Jenzi wondered if she was the last one left alive on Cytherea.
She had been born here, so never thought of it as Venus, even subconsciously. Her parents had
called it that occasionally, but now they were dead. As was everyone else in the city of Nova-Hellena.
It floated through the poison atmosphere, on nano-weave balloons of oxygen and was quiet.
It was night now, and had been for the past fifty-seven standard days. Though for Jenzi it had felt like night since the war had started, eight years ago.
Usually, with the city's generators disabled, it would be freezing this high in the atmosphere, but there were still firestorms burning below.
The missiles still fell occasionally.
Jenzi liked the night time. It let her see the lights of the distant ships of the Earthen colonials, coming down to survey the craters they had made and look for resources. They had heat and food, and shelter. Everything Jenzi did not.
Jenzi did not hate the distant people, she was only hungry, and sad. She knew the people in the distant ships had killed everyone she had ever known, but she wanted to join them all the same.
The End
This story was first published on Thursday, September 5th, 2019


Author Comments

I wrote "The Cytherean War" with the intention of creating a military science-fiction story told from a different perspective. In my experience, military sci-fi tends to focus on front-line soldiers, weapons-developing scientists, high-ranking generals, or other characters who are connected to a traditional military structure. I feel that this is a mischaracterization of what war looks like in the modern day, let alone the future. I wanted to write a military sci-fi story that captured modern warfare more fully.
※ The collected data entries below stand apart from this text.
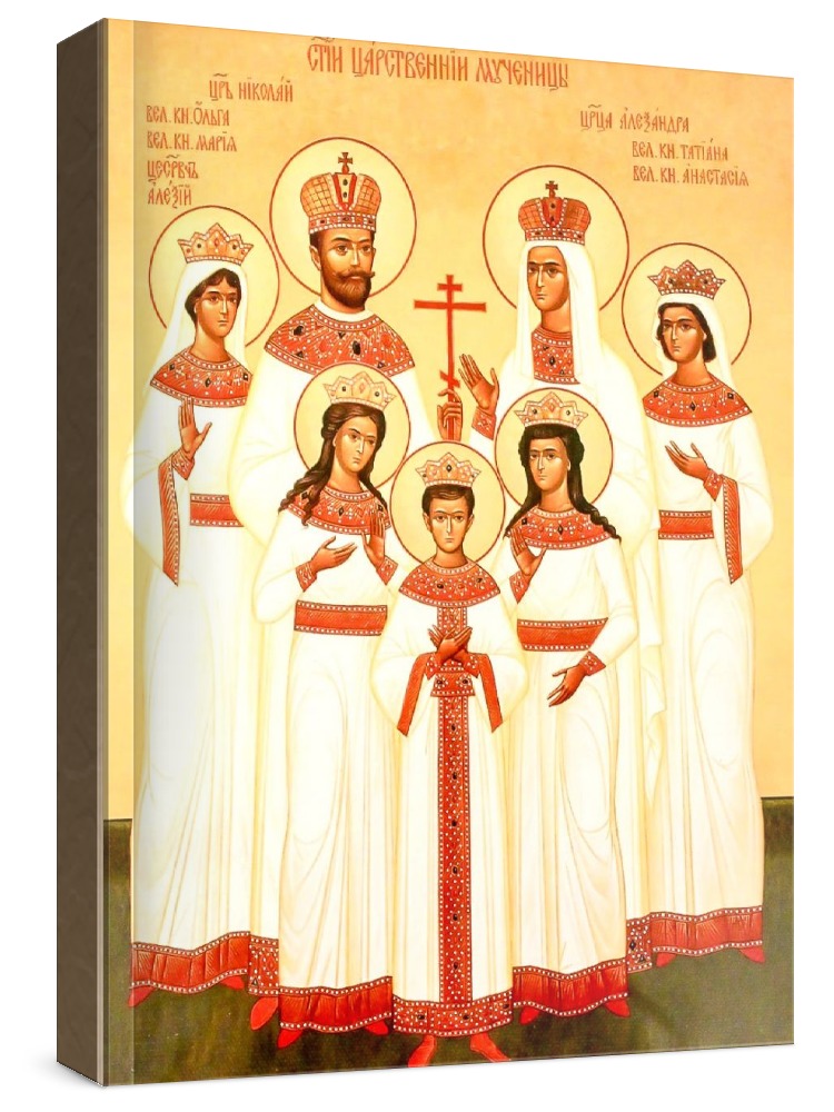 Царская семья (икона на дереве). Икона на заказ. Срок изготовления - 1-2 недели. Изображение нанесено на основу из натурального хвойного дерева методом прямой печати (не полиграфия). Деревянная основа иконы подвержена искусственному старению. Лик покрыт специальным лаком, что защищает икону от воздействий окружающей среды и обеспечивает хранение иконы в первозданном виде в течение нескольких десятилетий. Цена зависит от размера иконы (высота может незначительно отличаться от указанной величины в связи с точным соблюдением пропорций оригинала): 10x13*- 1500 руб. 30x40 - 5000 руб. 60x80 - 15000 руб. 15x18 - 2250 руб. 40x60 - 8000 руб. 80x120 - 20000 руб. 20x25 - 3000 руб. * - изготовление иконы 10х13 см возможно только при заказе от 3 шт.
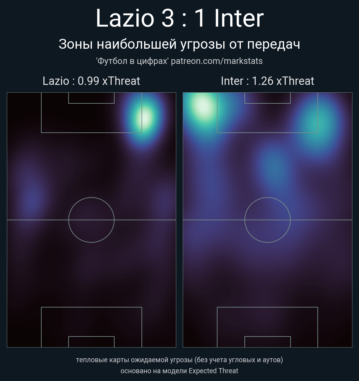 ▪ xThreat без учета угловых: 0.99 - 1.26
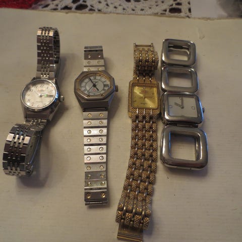 Myydään käyttämättömäksi jäänyt Toijalan terästuotteelta lahjaksi saatu teräs/kullattu Quartz kello uudella paristolla,kellon halkaisija ilman nuppia on n.35 mm. Sekä toimiva miesten Q & Q Quartz rannekello tumman sinisellä taululla ja naarmuuntumattomalla lasilla,kellon halkaisija ilman nuppia on n.36 mm. ranneke alkuperäinen mutta jo huonokuntoinen.Hinta yhteensä, toimituskulut pakettina 7e,myös nouto Loimaalta.
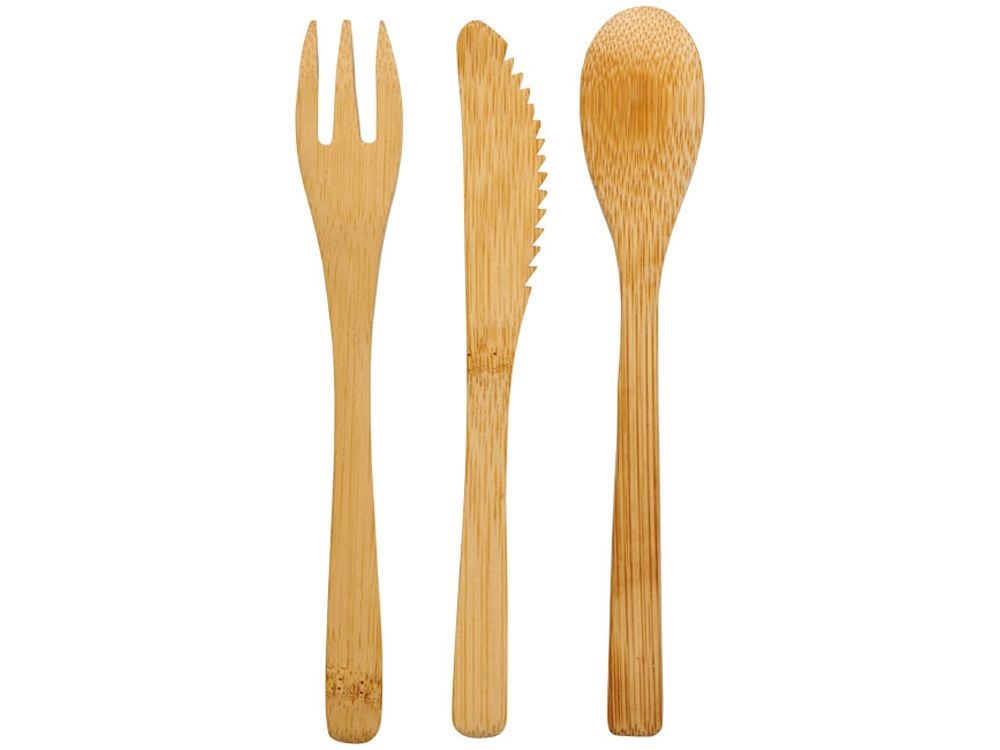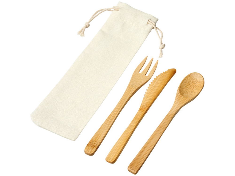 Набор столовых приборов Celuk из бамбука. Набор столовых приборов из бамбука состоит из вилки, ножа и ложки. Поставляется в нетканом мешочке. Бамбук.
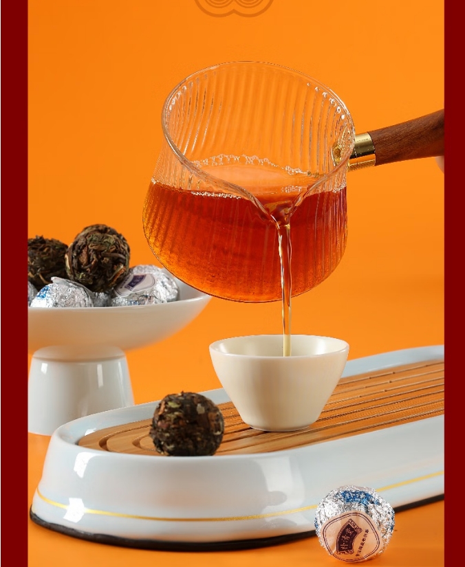① 喜乐杯 ×1个 ② 顺遂杯 ×1个 ③ 姓氏茶·龙珠单粒陈皮白茶5g ×18颗 ④ 精美礼盒×1个 ⑤ 心意手袋×1只
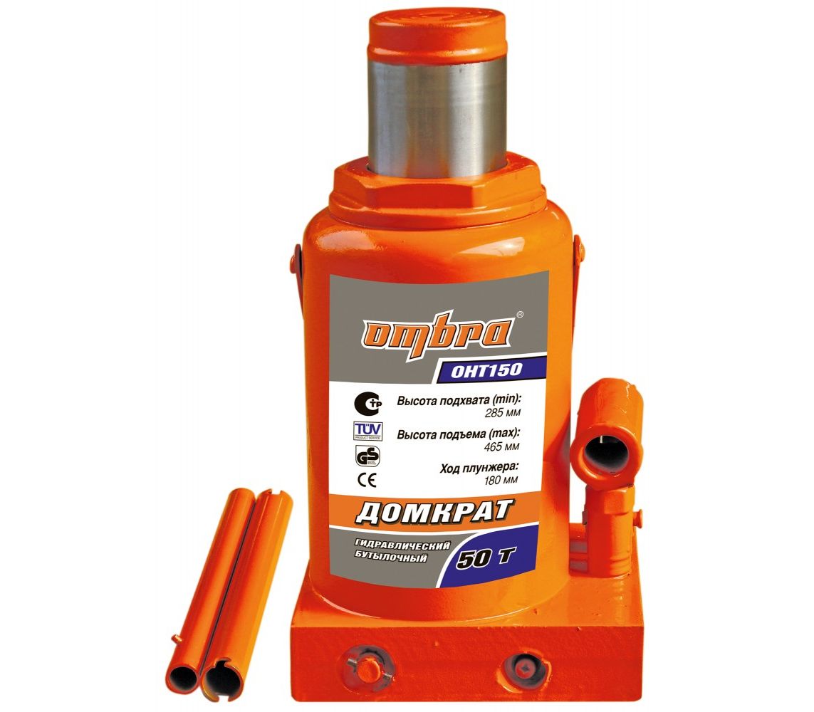 Главная/Каталог/ПРОФЕССИОНАЛЬНЫЙ ИНСТРУМЕНТ(Продукция Прайд)/Ombra/Гаражное оборудование/Бутылочные домкраты/OHT150 Домкрат гидравлический профессиональный 50 т., 285-465 мм

I opened with the perspective of a bystander, I feel it is important to remember that most "normal" people don't want war at all. A diplomat turned terrorist was a challenge to write without becoming melodramatic but I wanted to explore what could be considered a "justified" extremist. Morty--the cowardly mathematician--is an exploration of the warfare of drones and UAVs, in which soldiers are redundant and operators need not even see their targets. Finally, regardless of whether the Cythereans or the People of Earth were correct, I feel the true victims of war are always non-combatants, and I tried to convey the true helplessness of someone in this situation in "Cytherea at Night."

I chose to utilize a near-future setting devoid of any true "hyper science" such as FTL in order to preserve the gravity of the story and to keep the focus of the narrative on the conflict rather than the technology.